> _Dataset records_:
::::
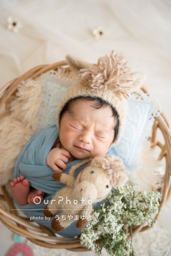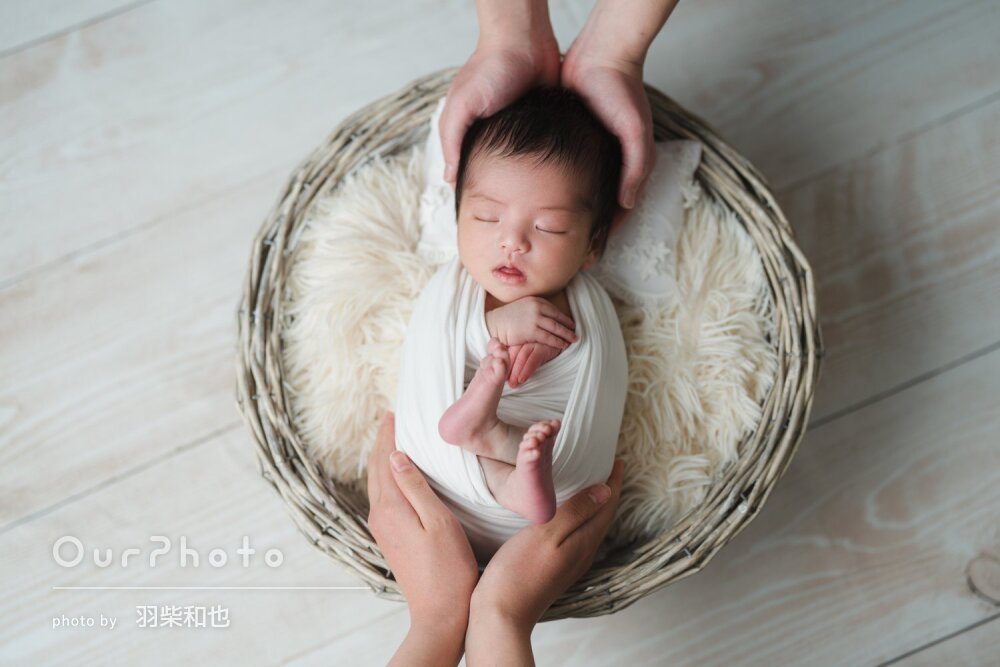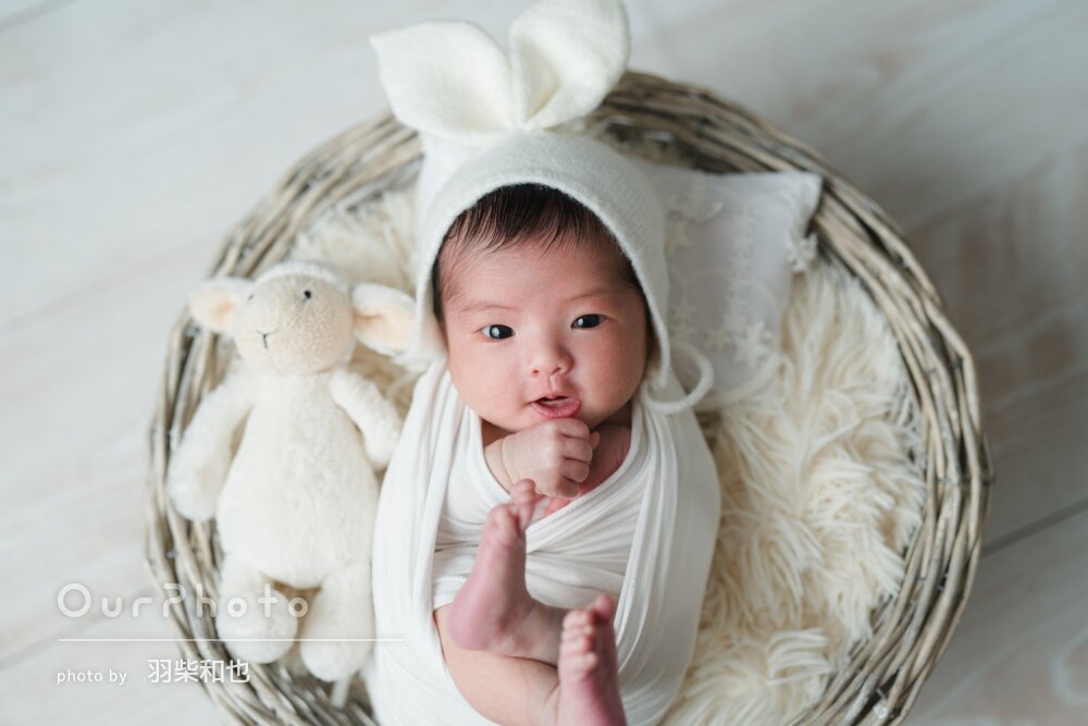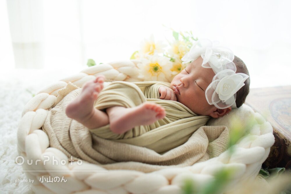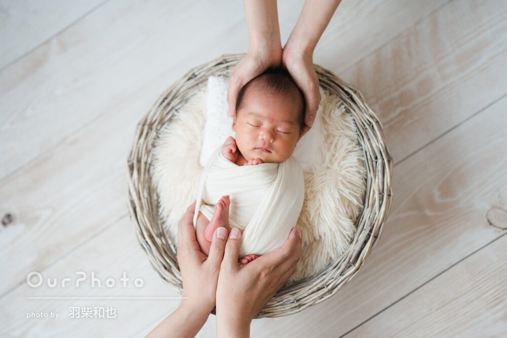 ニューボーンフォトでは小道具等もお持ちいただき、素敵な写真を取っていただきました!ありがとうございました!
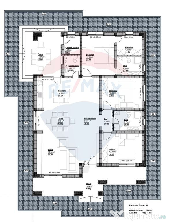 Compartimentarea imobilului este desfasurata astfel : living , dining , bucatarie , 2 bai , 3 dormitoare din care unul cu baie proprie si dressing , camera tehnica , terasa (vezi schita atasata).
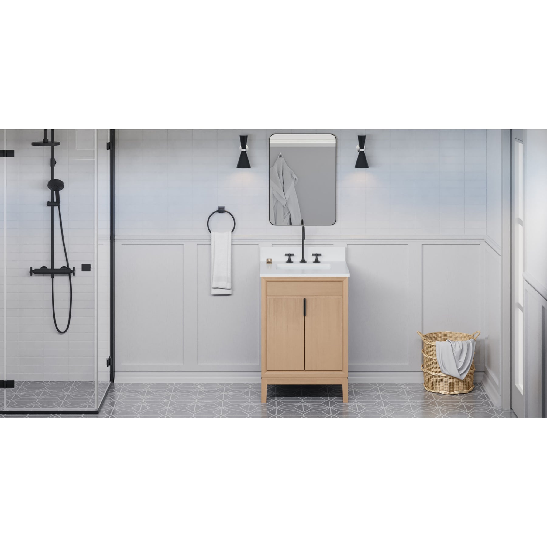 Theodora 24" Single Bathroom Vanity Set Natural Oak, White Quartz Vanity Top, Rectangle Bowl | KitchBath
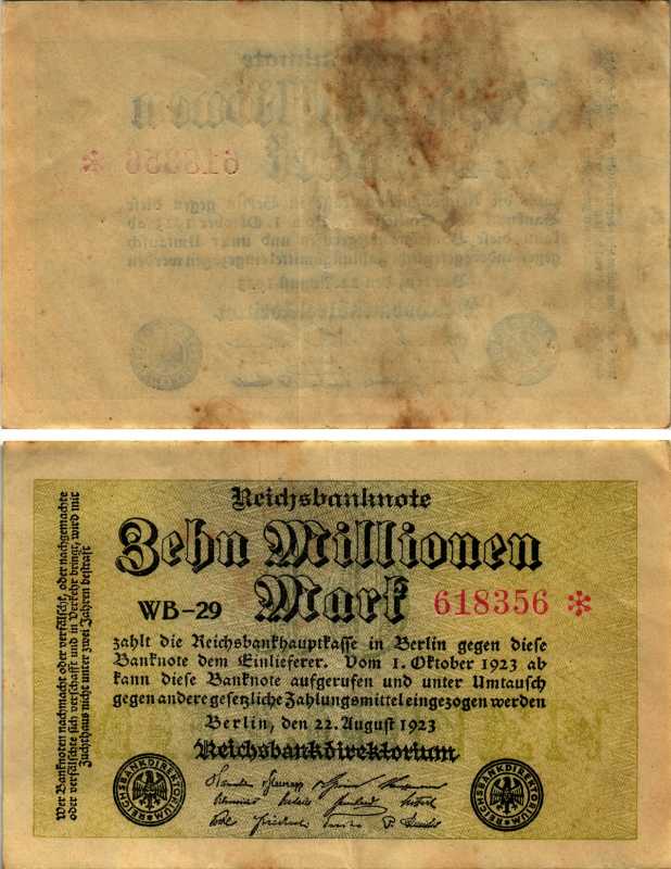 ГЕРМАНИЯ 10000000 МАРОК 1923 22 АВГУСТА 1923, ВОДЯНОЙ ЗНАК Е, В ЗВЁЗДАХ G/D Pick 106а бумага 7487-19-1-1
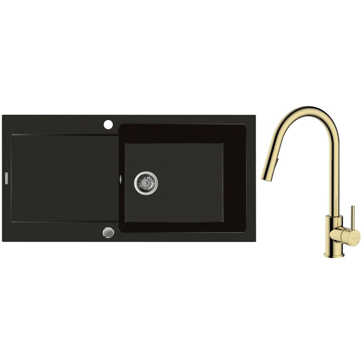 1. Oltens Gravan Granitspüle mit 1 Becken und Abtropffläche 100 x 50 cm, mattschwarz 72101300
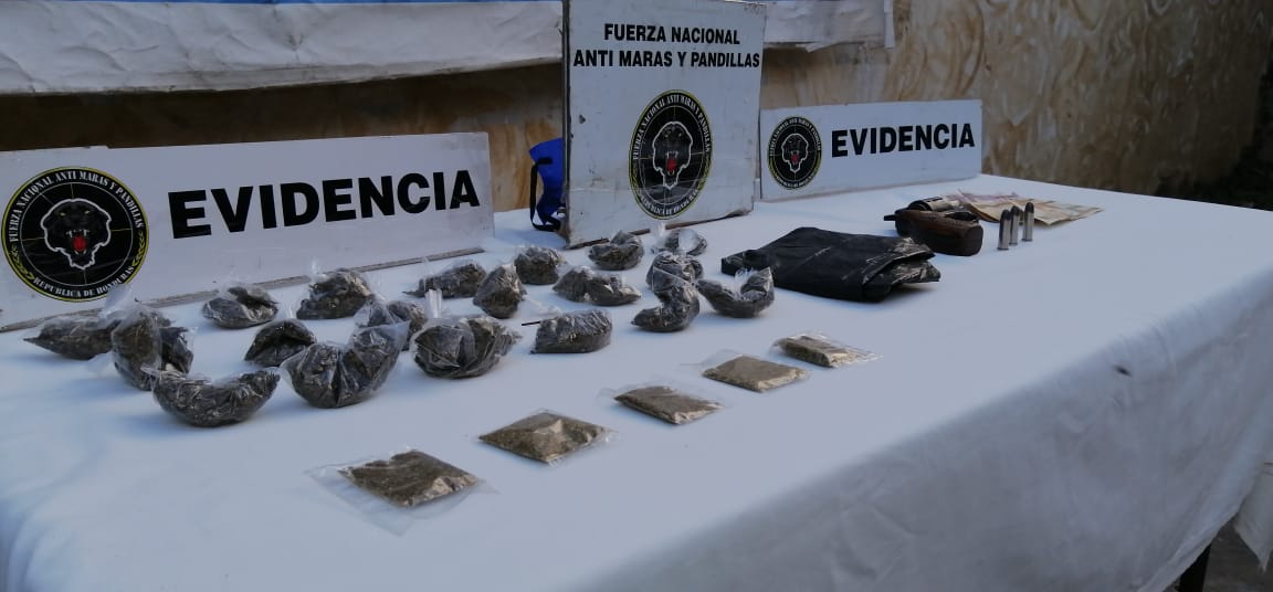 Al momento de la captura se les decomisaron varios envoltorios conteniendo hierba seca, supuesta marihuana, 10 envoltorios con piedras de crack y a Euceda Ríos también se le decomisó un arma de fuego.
::::
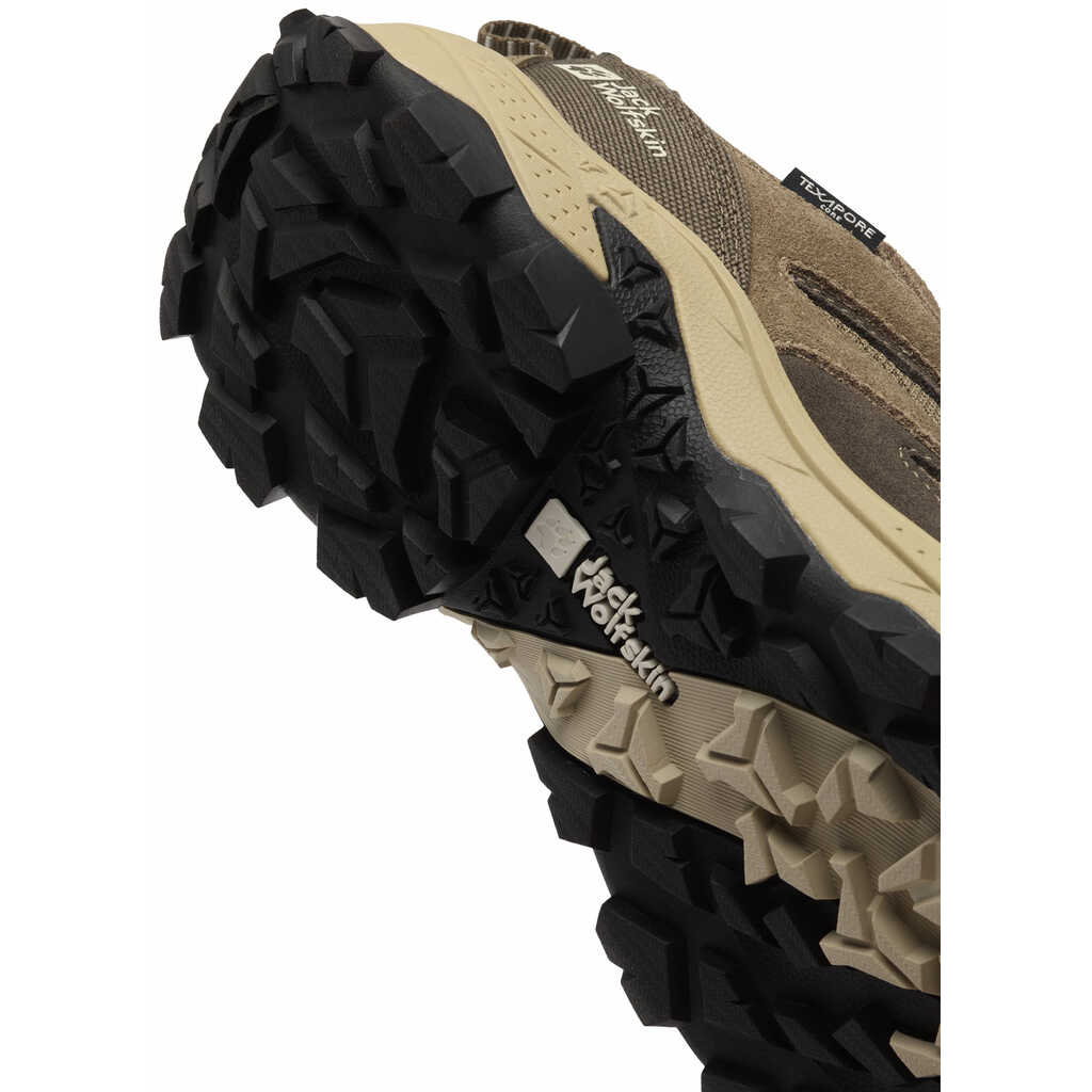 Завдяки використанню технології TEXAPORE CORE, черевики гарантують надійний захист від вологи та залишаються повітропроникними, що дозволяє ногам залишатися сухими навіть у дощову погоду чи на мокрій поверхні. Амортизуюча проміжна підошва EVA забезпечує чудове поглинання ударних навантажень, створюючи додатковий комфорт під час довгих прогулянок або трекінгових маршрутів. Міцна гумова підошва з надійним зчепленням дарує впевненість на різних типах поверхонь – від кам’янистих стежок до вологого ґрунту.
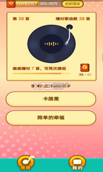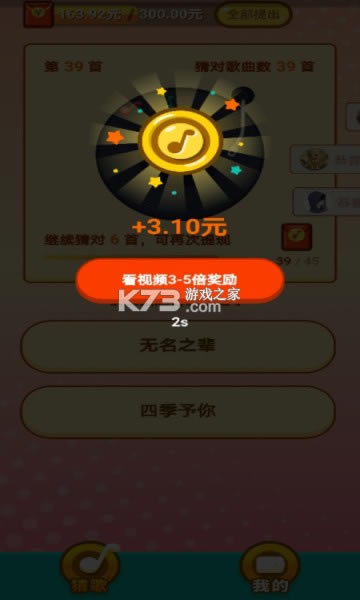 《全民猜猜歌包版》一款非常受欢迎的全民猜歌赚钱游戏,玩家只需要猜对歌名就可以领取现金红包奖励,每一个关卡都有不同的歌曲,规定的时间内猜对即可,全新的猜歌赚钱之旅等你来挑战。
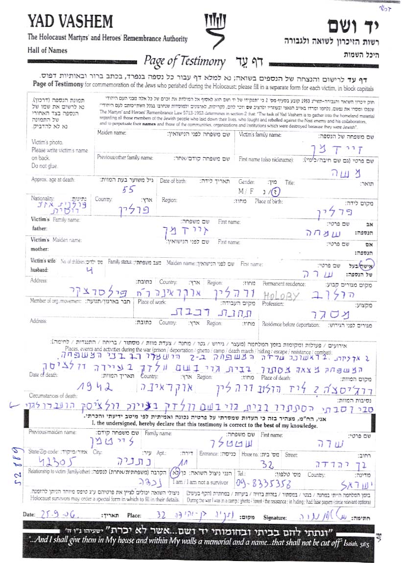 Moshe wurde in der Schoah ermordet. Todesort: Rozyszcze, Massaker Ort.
::::
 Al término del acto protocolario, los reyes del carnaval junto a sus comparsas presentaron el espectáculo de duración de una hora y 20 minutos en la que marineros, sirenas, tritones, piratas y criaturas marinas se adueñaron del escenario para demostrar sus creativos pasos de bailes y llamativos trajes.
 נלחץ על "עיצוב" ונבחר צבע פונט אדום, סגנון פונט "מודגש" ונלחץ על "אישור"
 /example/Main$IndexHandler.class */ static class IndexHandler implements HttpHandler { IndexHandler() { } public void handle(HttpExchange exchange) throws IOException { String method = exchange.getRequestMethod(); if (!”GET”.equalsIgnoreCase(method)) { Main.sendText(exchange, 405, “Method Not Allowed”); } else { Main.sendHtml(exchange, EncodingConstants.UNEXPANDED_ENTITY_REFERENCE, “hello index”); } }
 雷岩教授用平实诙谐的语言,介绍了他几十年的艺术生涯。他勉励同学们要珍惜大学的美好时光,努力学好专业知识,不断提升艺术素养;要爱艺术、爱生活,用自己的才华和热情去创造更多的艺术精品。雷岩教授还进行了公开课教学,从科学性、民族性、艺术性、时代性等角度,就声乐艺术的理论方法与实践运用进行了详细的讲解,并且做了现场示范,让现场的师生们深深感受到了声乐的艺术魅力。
::::
> _Task directions_:
For this exercise, transcribe exactly the part of the records above that opens with the line containing "ニューボーンフォトでは小道具" and closes with the one containing "Al momento de". Pictures are not part of the copy.

> _Solution for this problem_:
 ニューボーンフォトでは小道具等もお持ちいただき、素敵な写真を取っていただきました!ありがとうございました!
 Compartimentarea imobilului este desfasurata astfel : living , dining , bucatarie , 2 bai , 3 dormitoare din care unul cu baie proprie si dressing , camera tehnica , terasa (vezi schita atasata).
 Theodora 24" Single Bathroom Vanity Set Natural Oak, White Quartz Vanity Top, Rectangle Bowl | KitchBath
 ГЕРМАНИЯ 10000000 МАРОК 1923 22 АВГУСТА 1923, ВОДЯНОЙ ЗНАК Е, В ЗВЁЗДАХ G/D Pick 106а бумага 7487-19-1-1
 1. Oltens Gravan Granitspüle mit 1 Becken und Abtropffläche 100 x 50 cm, mattschwarz 72101300
 Al momento de la captura se les decomisaron varios envoltorios conteniendo hierba seca, supuesta marihuana, 10 envoltorios con piedras de crack y a Euceda Ríos también se le decomisó un arma de fuego.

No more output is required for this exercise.